═════ INFORMATION SHOWN ═════

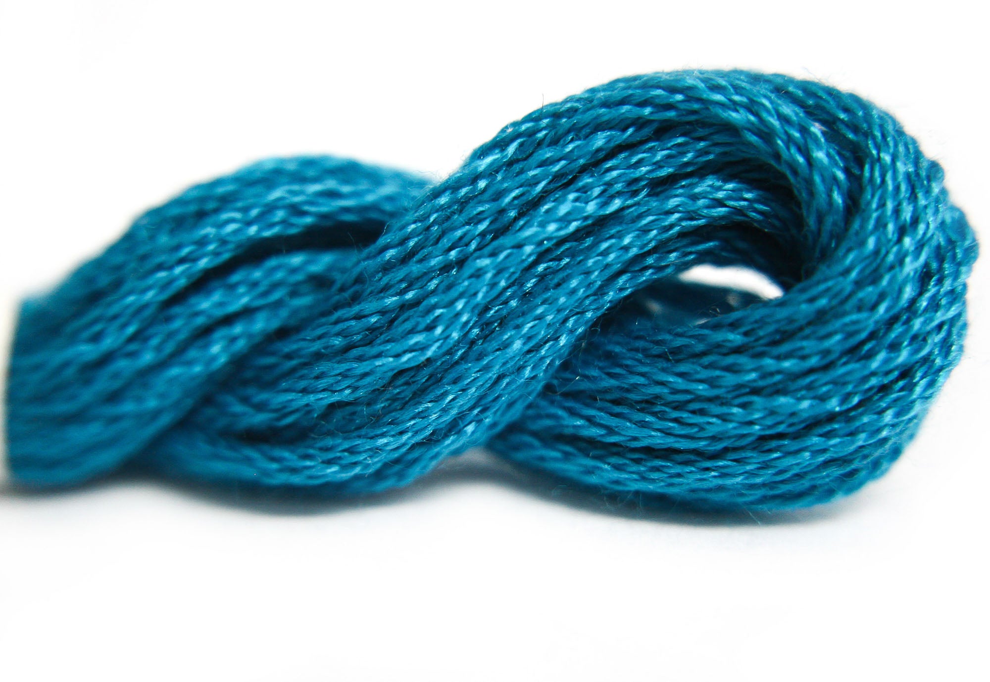 This is Silk from Needlepoint Inc in color 485 Azure Range. A stranded silk that is perfect for embroidery, needlepoint, and cross stitch. Use all 8 strands on 13 mesh, 3 or 4 strands on 18 mesh. 1 strand is about equal to one strand of DMC Cotton Floss.
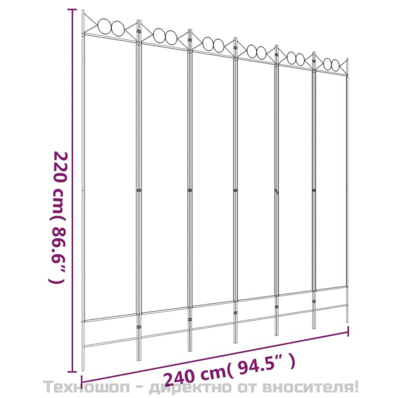 Параван за стая, 6 панела, бял, 240x220 см, текстил
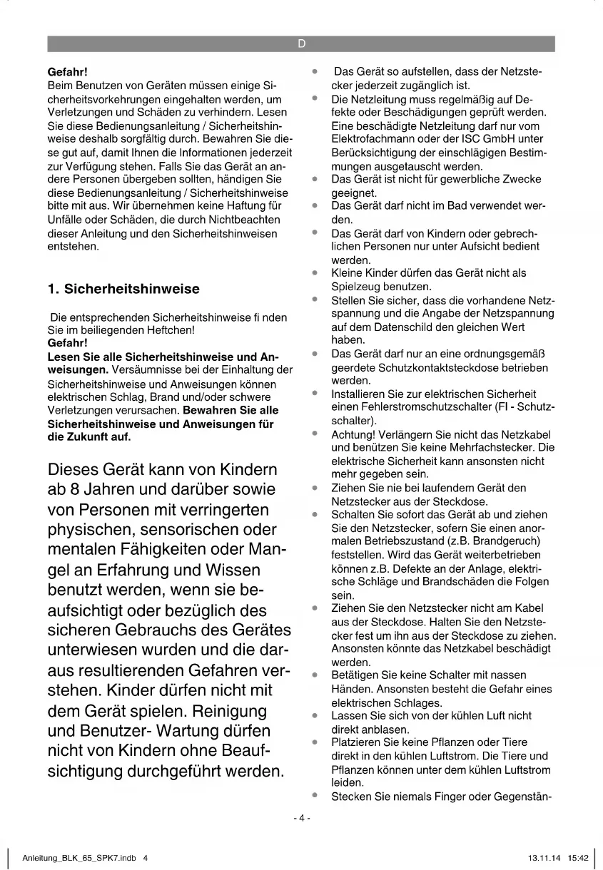 Stecken Sie niemals Finger oder Gegenstän- Anleitung_BLK_65_SPK7.indb 4Anleitung_BLK_65_SPK7.indb 4 13.11.14 15:4213.11.14 15:42D
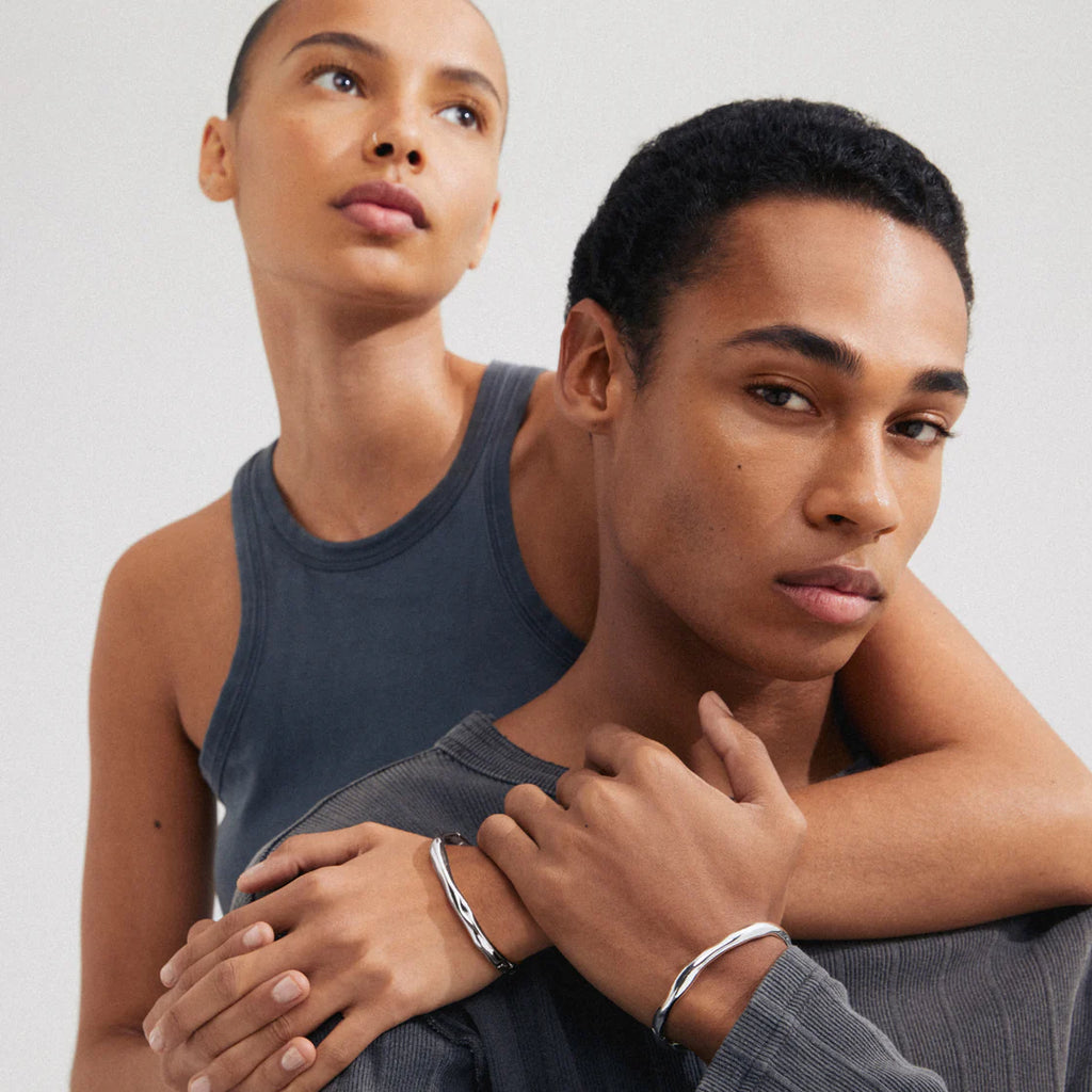 Spread the light with the silver-plated bangle from Pilgrim's LIGHT collection. A super shiny piece with a great quality feeling and a stylish Scandi design. The bracelet's wavy shapes catch the light and allow for styling with multiple bracelets for a customised stacked look. For a unique finishing touch for your everyday outfits or your favourite party dresses. Opens easily with a click clasp and is made from at least 75% recycled material.

═════

Pictures are to be left out; otherwise, copy exactly each line from the one containing "Stecken Sie niemals" through the last line of the listing.

RESPONSE BELOW:
 Stecken Sie niemals Finger oder Gegenstän- Anleitung_BLK_65_SPK7.indb 4Anleitung_BLK_65_SPK7.indb 4 13.11.14 15:4213.11.14 15:42D
 Spread the light with the silver-plated bangle from Pilgrim's LIGHT collection. A super shiny piece with a great quality feeling and a stylish Scandi design. The bracelet's wavy shapes catch the light and allow for styling with multiple bracelets for a customised stacked look. For a unique finishing touch for your everyday outfits or your favourite party dresses. Opens easily with a click clasp and is made from at least 75% recycled material.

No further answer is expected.